Of course, to this your camera has to have the capability to do multiple exposures on the same frame. My new little digital doesn't seem to. L


----------



## stargazer (May 24, 2004)

Karen, No... actually the furniture is white:smile: This was shot in manual mode and was using different settings of ISO/Apt, no flash, just room light only. I tried one with the flash set at 1/3. the furniture came out white....as did EVERYTHING:rotfl: 

The globe is self lighted, same settings as above, with a black back drop to try a capture the flakes falling......

As for the house...I didnt trust the histogram and darkened it a tad, Now I know I should have left it alone., lol. Between the house and barn/front entrance thats just over 4500 lights. Just call me Griswald:biggrin: 

Brent....I am not sure if my camera will let me expose one frame multiple times....Still learning the camera but, that sounds like it would be a cool experment to try though. I will look at the manual and see if it can be done.

Years ago I had a AE-1 and sold it and all my stuff as I kinda thought I would get out of the photo shooting hobby. Now with this digital camera thing, and seeing some of yalls work, I have found a renewed interest in photography again. Its nice to be able to see the product and not have to guess/ hope like in the film dazes. 

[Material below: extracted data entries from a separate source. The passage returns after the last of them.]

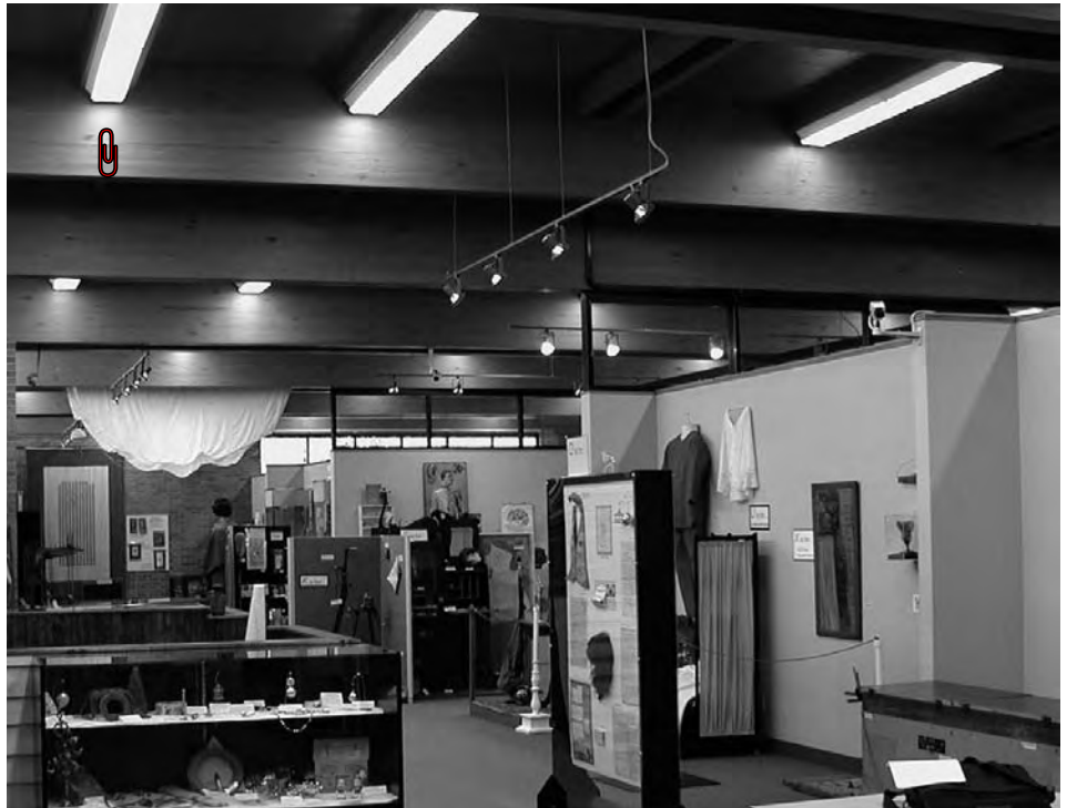
Fig. 2: Overhead fluorescent fixtures create a flat, even light. The track lighting used here provides more light but adds little visual impact.

Each manufacturer makes durable, two-circuit track and a variety of fixtures designed for long-term museum lighting. They must be special-ordered; work with a local manufacturer’s representative to view samples, then arrange orders through your electrical contractor or supply house. These brands are more expensive than standard commercial track or retail-grade track, but you get the quality you pay for. For contact information, go to www.mnhs.org/techtalkresources .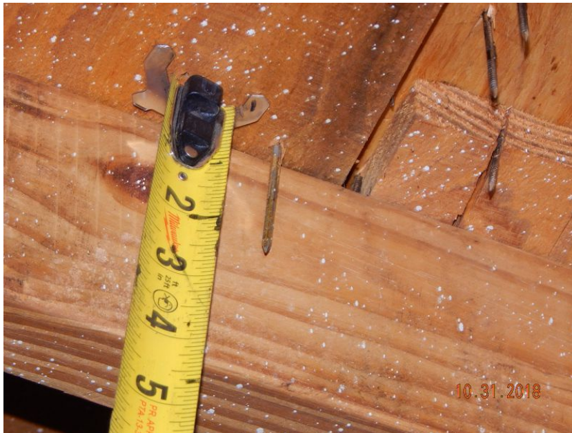
8d Nails or Greater in Size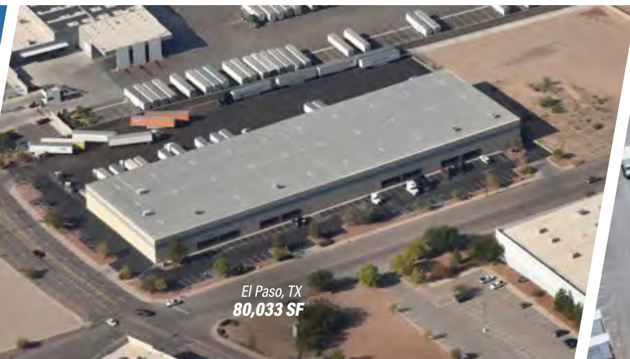
El Paso, TX 80,033 SF

If yall have any suggestions as to what I could do to improve on these images...Im all ears.
Fred


----------



## my3peas (Jan 9, 2007)

I reeeeeally like #1  It has a vintage look to it, even though it wasn't intentional, it looks great!


----------



## stargazer (May 24, 2004)

Thanks.....and you are 100% correct...all done by not knowing what the heck Im doing:biggrin:


my3peas said:


> I reeeeeally like #1  It has a vintage look to it, even though it wasn't intentional, it looks great!


----------